Destroying the cached supplies and ordering the horses driven back across the river, Howard convinced himself that all this circumstantial evidence indicated that Joseph was leading his people back toward the Wallowa and Imnaha valleys—the chief’s traditional camping grounds.
While his officers grumbled among themselves, while the bone-weary, soaked-clear-through soldiers glared at their commander, Oliver Otis Howard steadfastly assured himself that he was about to bring the war to an end. Joseph was taking his bands back to their ancestral homes, where they would be trapped between two converging armies. It was only a matter of time now, Howard vowed. A few more days and a few more miles.
This damnable little war was almost over.
*Much of this area crossed by both the Nez Perce and Howard’s army in 1877 is today known as the Joseph Plains.
CHAPTER TWELVE
JULY 2, 1877
“I CAN’T ORDER YOU TO STAY ON THIS SIDE OF THE RIVER, Mr. Hunter,” General O. O. Howard had told the civilian leader from Dayton back on that first day the soldiers were attempting their perilous crossing. “Nor can I guarant
ee your safety if you go wandering off alone on the other side of the Salmon.”
“You still have your mind set against sending any of your friendlies out to find the war camp, General?” asked William Hunter.
“Not until I have enough of my men across should we have any more displays from the warriors like we had here day before yesterday.”
“Mind you, me and my men don’t aim to get ourselves in any trouble, General Howard,” the civilian had assured him. “Just want to see where those Nez Perce have run off to. We figure to be back before this time tomorrow.”
He and two of his best friends from Dayton—a tiny community in eastern Washington Territory—swam their horses over to the west bank of the Salmon, then started north into the broken country. They hadn’t been moving more than two hours when they were rewarded with sighting a half-dozen figures on foot in the distance.
“Enfant de garce!” one of the six men sobbed as they lunged up among the trio of horsemen.

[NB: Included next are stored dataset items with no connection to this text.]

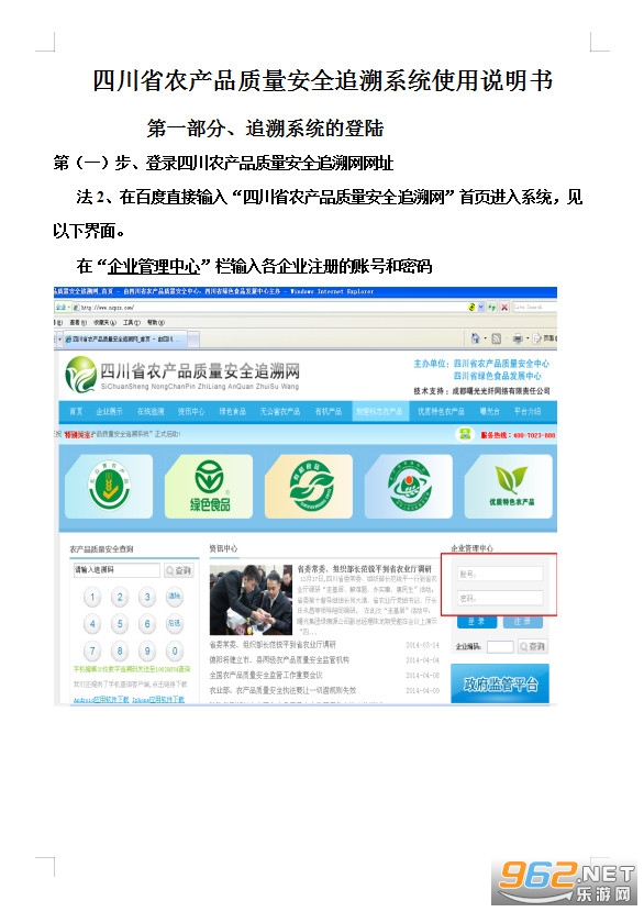 《四川省农产品质量安全追溯系统使用说明书》是一套为朋友们制作的四川省农产品质量安全追溯系统详细操作方法的文档,朋友们可以通过文档来更好的了解相关的使用方法,比如登录四川省农产品质量安全追溯网站,注册登录账号,录入信息等,有着详细的图文教程。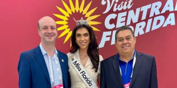 En la fotografía principal, de izquierda a derecha: Christopher Follenus, International Manager de Visit Central Florida; Casana Fink, Miss Florida 2024-2025 y Víctor Manjarrés, Presidente...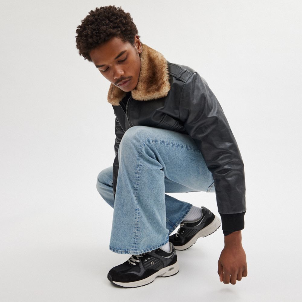 :: Coach C301 Sneaker With Signature Canvas Grijs Zwart | COH866781

“Shit, any of you Americans?” Hunter asked, perplexed. “Speak English?”
“A little some,” confessed another of the bedraggled half-dozen.
“You look a sight, fellas,” Hunter said. “Where’s your horses? Your guns?”
The good-talker shook his head as if searching for the right words, perhaps any words, to use in telling the story as Hunter and his companions dropped to the ground and let their horses blow. Slowly, painstakingly, the story unfolded.
When the outbreak first began, the six Frenchmen had been on this west side of the Salmon, farther to the south. In fact, they claimed they had yelled a warning across the river to some American friends. Once hundreds of the Nez Perce showed up near the mouth of the White Bird, the Frenchmen fled deep into the hills on the other side of the Salmon. But not so far they hadn’t heard all the gunfire the day of the battle.
Keeping to their side of the river, they had trained a keen eye on the migrations of the Non-Treaty bands as the Indians moved south to Horseshoe Bend, then crossed and started back north to where Larry Ott had been homesteading on Deer Creek then started to climb into the formidable terrain. Three days ago they had run across a trio of Chinese miners who warned them that war parties were prowling the countryside, horsemen who had allowed the Chinese to pass unharmed.